Conclusion: A Proposition for a More Efficient Campaign

In order to recruit a fast paced modern public that is pressed for time and on the go, a successful campaign needs to reach out and entice people to believe that what they are seeing will be worth their while. A place to start would be by creating a commercial for television. The California Cheese commercials are an excellent example of a commercial for a healthy product. It features two cows singing their Californian rendition of “Green Acres”. The tune is catchy, the theme is entertaining and the product is well known and liked. The dairy industry has the idea and now it is time for the 5-a-Day campaign to jump onto the advertising bandwagon. By placing advertisements directly in the public’s line of sight and including a less commanding message (“More Matters” versus “5-a-Day”) people will be more apt to do what they can to consume more fruits and vegetables. Another positive outcome of this tactic is that it will lead to a sense of personal empowerment.

By abandoning the strong dependency on the health belief model and incorporating the ideology behind the advertising model the 5-a-Day campaign will make catastrophic improvements in its attempt to reach the general public. What is stopping it right now from doing so is how the campaign is targeting its intended audience. It is common knowledge that fruits and vegetables are important for good health and there is enough information out there to support the claim to anyone who doesn’t believe it. By making more information available, as the campaign is currently doing on line, it is only making an impact on an individual level. While any improvement in behavior is beneficial and no doubt a great success, more needs to be done to solve the issue at the social and environmental levels. It is at these levels where small changes will go a long way to improving the behaviors of millions.

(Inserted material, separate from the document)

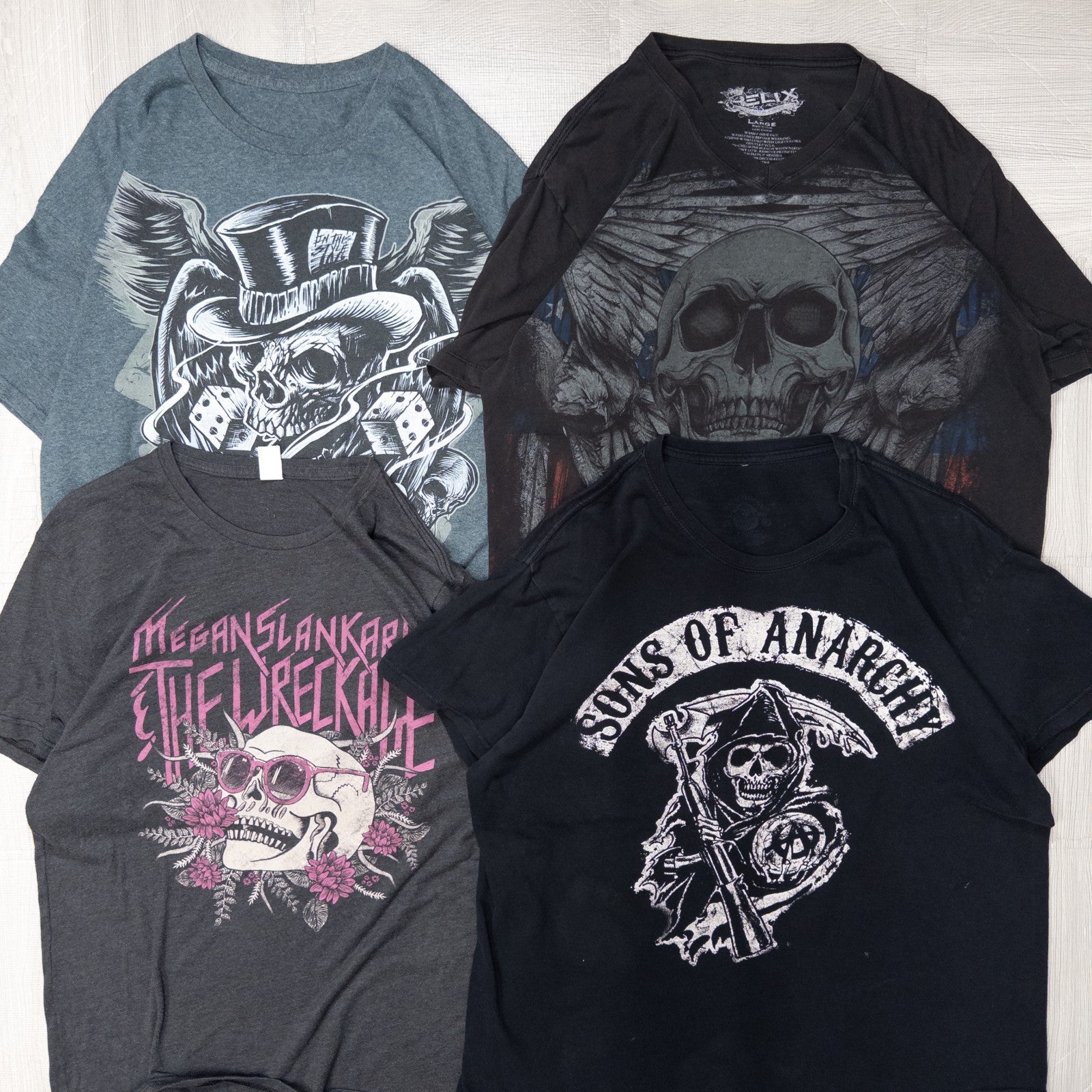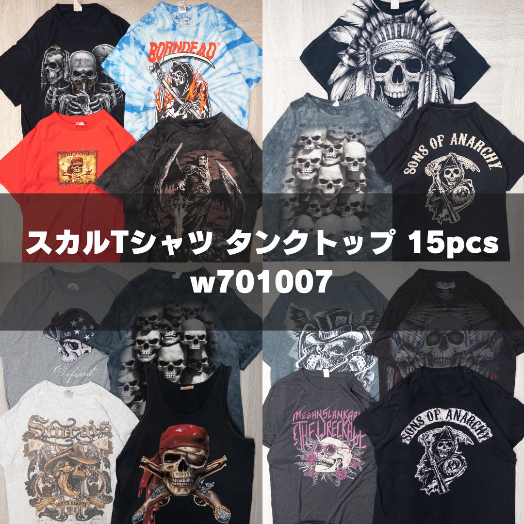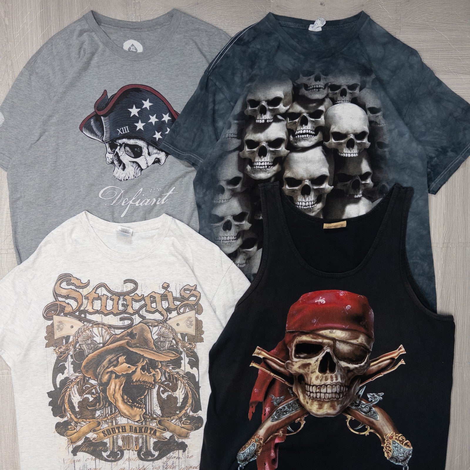 Wholesale Used Clothing, Bulk Sale, Washed, Skull Short Sleeve T-Shirts, 1 Tank Top, Total of 15 (M-XXXL) w701007
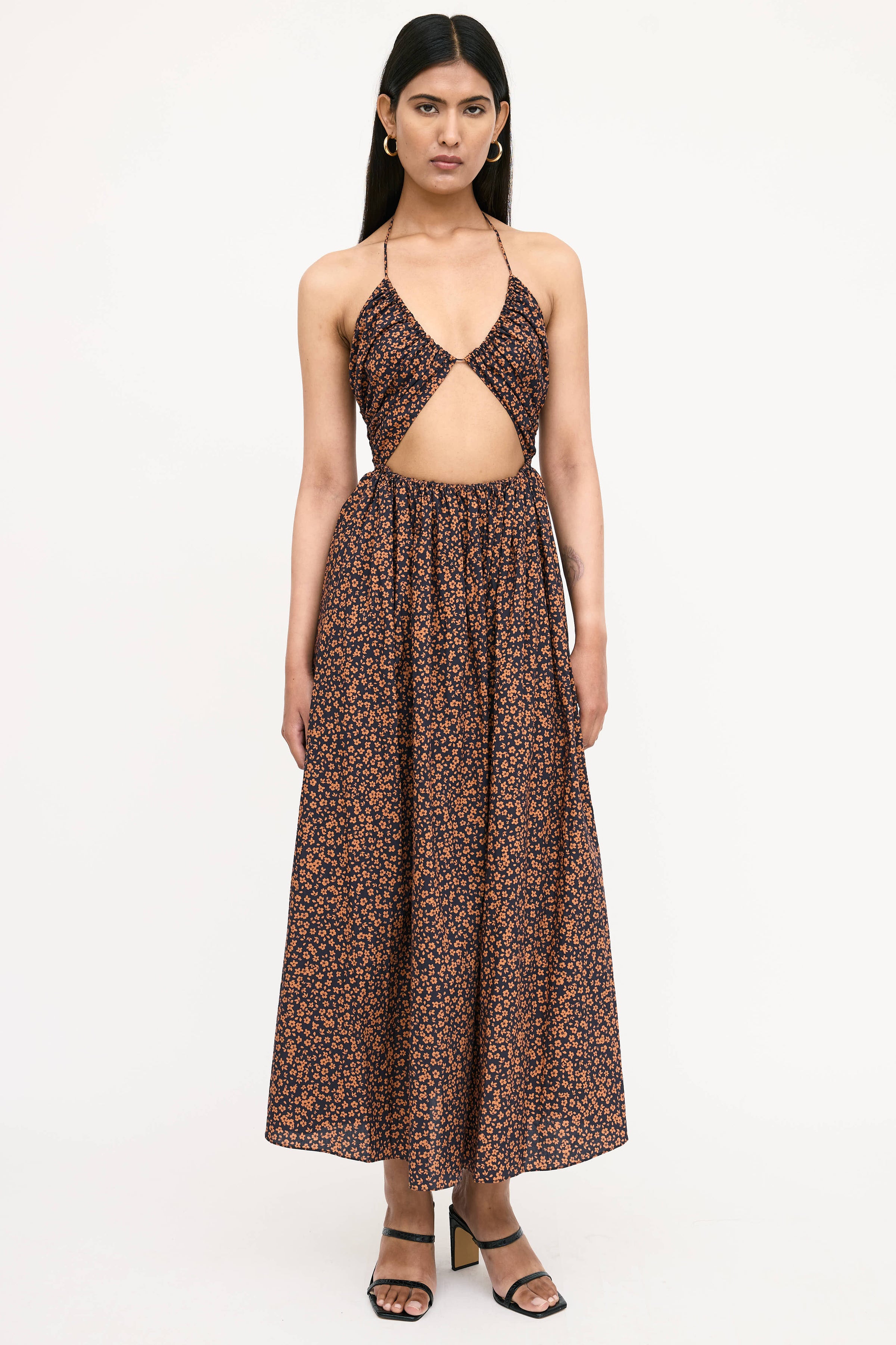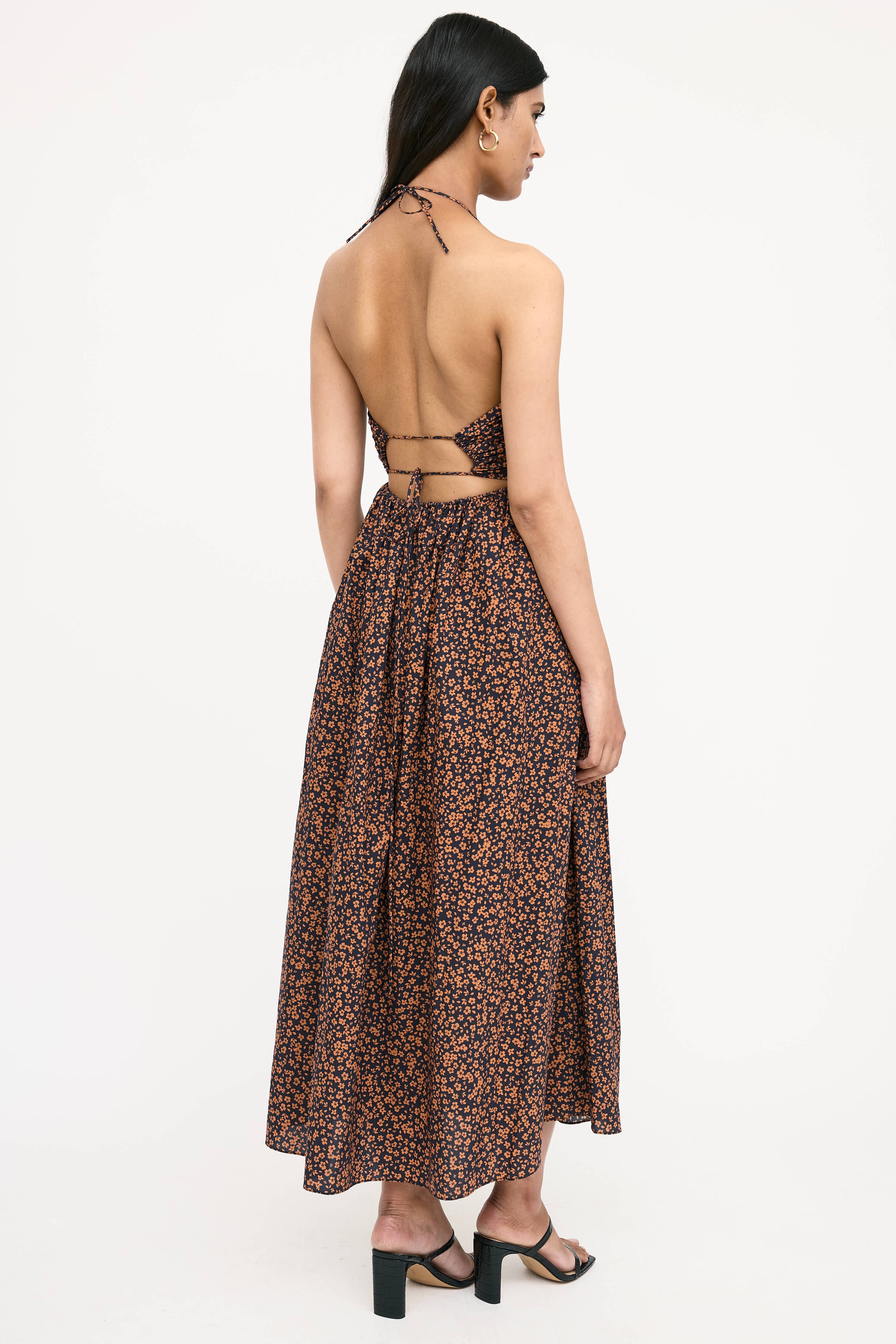 Matteau black maxi dress featuring an orange floral pattern throughout, halter neckline, sleeveless styling, elastic waist with cut out, two slip pockets at hip, and tie closure at back.

1. Siegel M. Health Behavior Models. Class notes. 22 March 2007

2. Byrd-Bredbenner C. & Grasso D. Prime-Time Health: An Analysis of Health Content in Television Commercials Broadcast During Programs Viewed Heavily by Children. New Brunswick, NJ: The State University of New Jersey. 1999. Retrieved from on 5 April 2007

3. CNN Interactive. Lunchables may be munchable- but study warns of salt. Retrieved from on 3 April 2007

4. Center for Disease Control. (2007). How to add fruits and vegetables into your diet the quick and easy way. Retrieved from on 19 April 2007.